_Required work:_
Reproduce the data exactly as given, except for any images.

_Dataset items:_
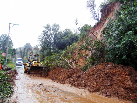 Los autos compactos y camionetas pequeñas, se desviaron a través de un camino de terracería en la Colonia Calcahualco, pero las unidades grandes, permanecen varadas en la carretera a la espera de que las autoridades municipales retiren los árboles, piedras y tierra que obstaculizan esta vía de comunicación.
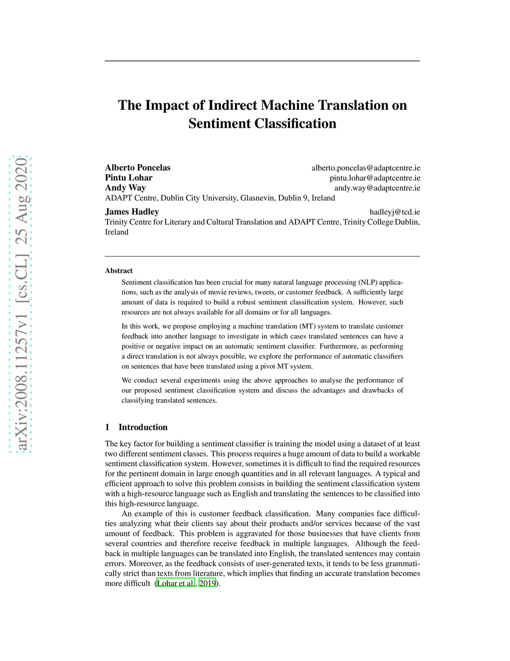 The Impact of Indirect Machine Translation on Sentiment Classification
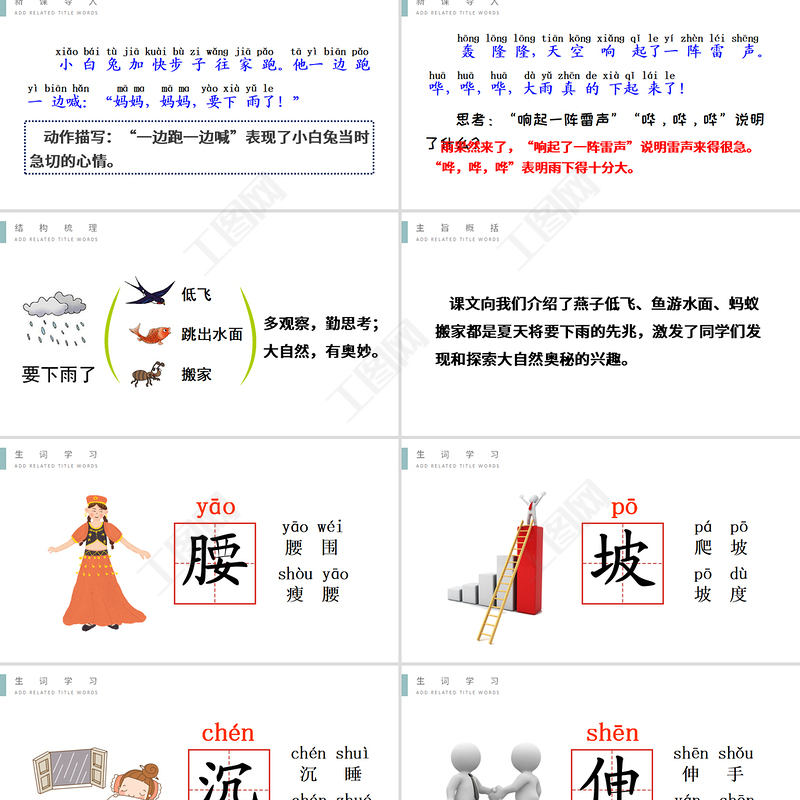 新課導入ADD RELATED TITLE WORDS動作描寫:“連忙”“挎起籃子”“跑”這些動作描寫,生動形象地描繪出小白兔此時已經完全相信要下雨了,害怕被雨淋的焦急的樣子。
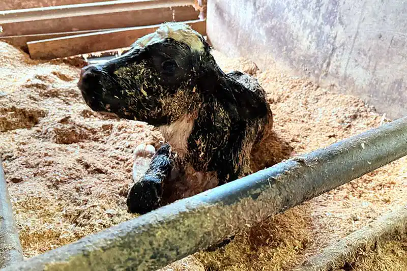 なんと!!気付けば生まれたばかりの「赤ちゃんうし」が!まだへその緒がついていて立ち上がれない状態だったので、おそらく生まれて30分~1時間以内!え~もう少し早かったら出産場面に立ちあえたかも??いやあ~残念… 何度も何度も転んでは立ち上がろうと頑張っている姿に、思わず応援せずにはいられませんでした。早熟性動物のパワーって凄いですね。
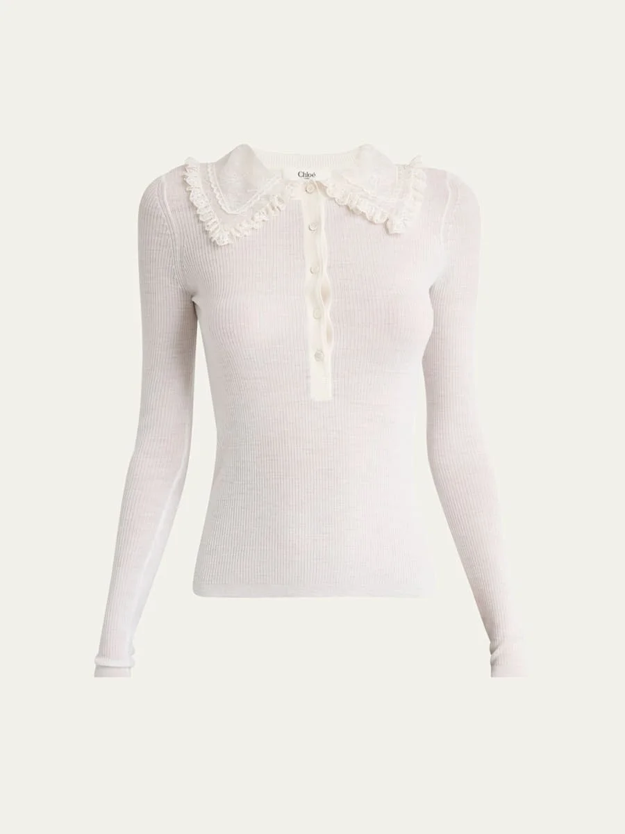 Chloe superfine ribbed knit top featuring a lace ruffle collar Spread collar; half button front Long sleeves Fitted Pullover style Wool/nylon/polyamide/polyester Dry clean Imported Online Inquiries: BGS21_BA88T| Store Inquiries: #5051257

_Task result:_
 Los autos compactos y camionetas pequeñas, se desviaron a través de un camino de terracería en la Colonia Calcahualco, pero las unidades grandes, permanecen varadas en la carretera a la espera de que las autoridades municipales retiren los árboles, piedras y tierra que obstaculizan esta vía de comunicación.
 The Impact of Indirect Machine Translation on Sentiment Classification
 新課導入ADD RELATED TITLE WORDS動作描寫:“連忙”“挎起籃子”“跑”這些動作描寫,生動形象地描繪出小白兔此時已經完全相信要下雨了,害怕被雨淋的焦急的樣子。
 なんと!!気付けば生まれたばかりの「赤ちゃんうし」が!まだへその緒がついていて立ち上がれない状態だったので、おそらく生まれて30分~1時間以内!え~もう少し早かったら出産場面に立ちあえたかも??いやあ~残念… 何度も何度も転んでは立ち上がろうと頑張っている姿に、思わず応援せずにはいられませんでした。早熟性動物のパワーって凄いですね。
 Chloe superfine ribbed knit top featuring a lace ruffle collar Spread collar; half button front Long sleeves Fitted Pullover style Wool/nylon/polyamide/polyester Dry clean Imported Online Inquiries: BGS21_BA88T| Store Inquiries: #5051257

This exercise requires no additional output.